-- DATA FOR THE TASK --
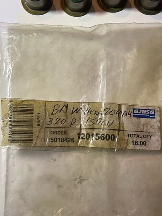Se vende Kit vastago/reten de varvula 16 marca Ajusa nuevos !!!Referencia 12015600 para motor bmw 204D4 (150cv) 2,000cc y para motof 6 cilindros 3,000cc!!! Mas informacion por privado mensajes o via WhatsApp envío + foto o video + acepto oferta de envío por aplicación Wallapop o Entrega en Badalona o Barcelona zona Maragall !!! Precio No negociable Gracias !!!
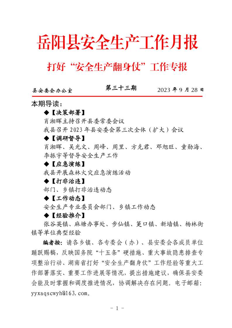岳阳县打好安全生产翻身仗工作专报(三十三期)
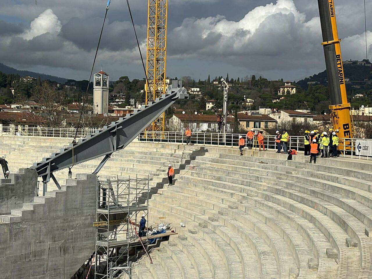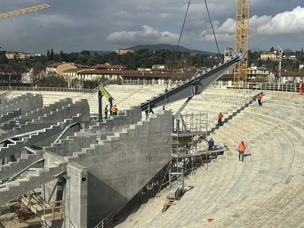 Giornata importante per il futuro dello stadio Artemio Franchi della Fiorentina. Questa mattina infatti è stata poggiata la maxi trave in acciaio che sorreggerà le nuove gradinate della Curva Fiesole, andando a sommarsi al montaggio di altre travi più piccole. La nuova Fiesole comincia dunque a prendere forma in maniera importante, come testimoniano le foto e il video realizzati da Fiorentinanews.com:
...
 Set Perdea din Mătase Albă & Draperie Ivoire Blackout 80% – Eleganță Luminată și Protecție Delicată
--
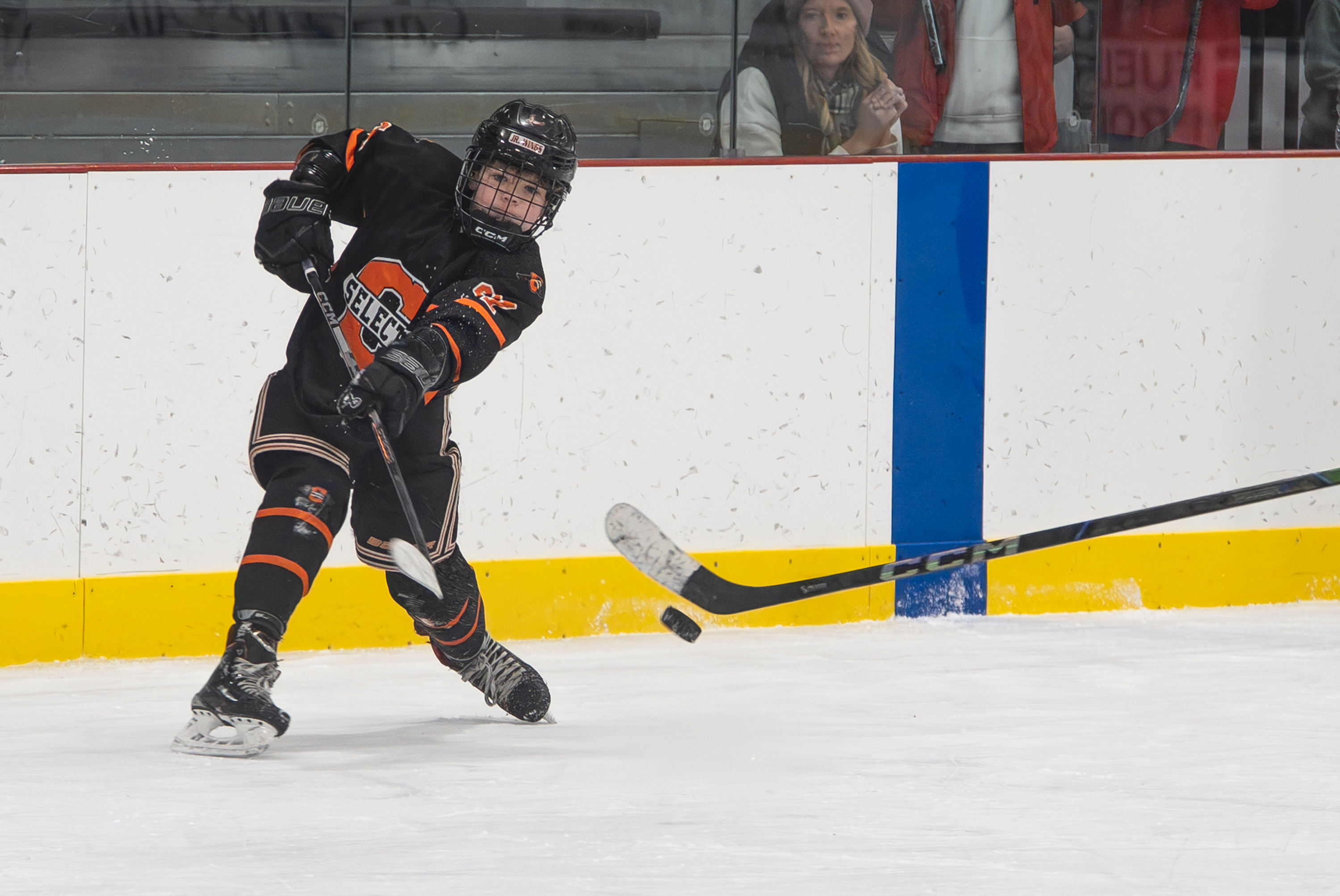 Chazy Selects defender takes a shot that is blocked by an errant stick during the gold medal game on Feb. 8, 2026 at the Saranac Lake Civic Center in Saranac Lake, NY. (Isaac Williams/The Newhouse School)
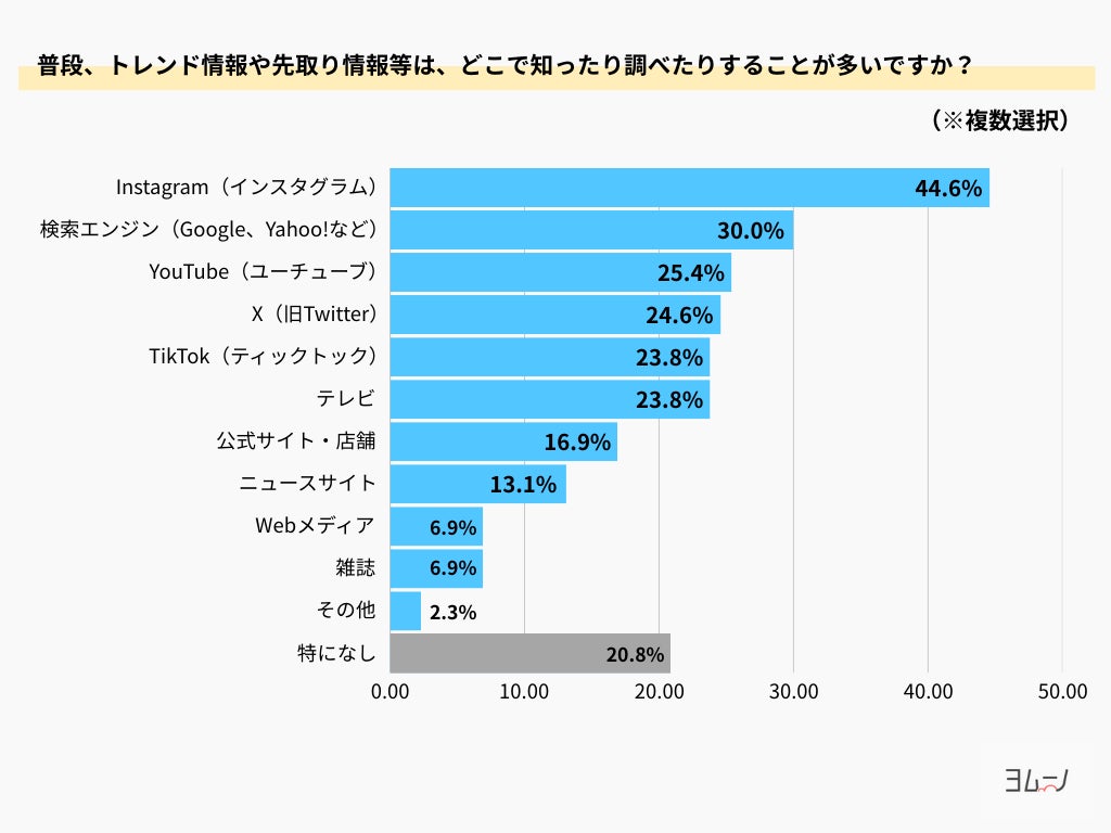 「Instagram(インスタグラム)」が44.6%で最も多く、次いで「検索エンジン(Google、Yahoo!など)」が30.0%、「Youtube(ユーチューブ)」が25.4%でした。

-- TASK DESCRIPTION --
Would you print exactly the lines in the listing above, from the line bearing "Se vende Kit" through the line bearing "Giornata importante per", leaving out all pictures?

-- ANSWER TO THIS PROBLEM --
Se vende Kit vastago/reten de varvula 16 marca Ajusa nuevos !!!Referencia 12015600 para motor bmw 204D4 (150cv) 2,000cc y para motof 6 cilindros 3,000cc!!! Mas informacion por privado mensajes o via WhatsApp envío + foto o video + acepto oferta de envío por aplicación Wallapop o Entrega en Badalona o Barcelona zona Maragall !!! Precio No negociable Gracias !!!
岳阳县打好安全生产翻身仗工作专报(三十三期)
 Giornata importante per il futuro dello stadio Artemio Franchi della Fiorentina. Questa mattina infatti è stata poggiata la maxi trave in acciaio che sorreggerà le nuove gradinate della Curva Fiesole, andando a sommarsi al montaggio di altre travi più piccole. La nuova Fiesole comincia dunque a prendere forma in maniera importante, come testimoniano le foto e il video realizzati da Fiorentinanews.com:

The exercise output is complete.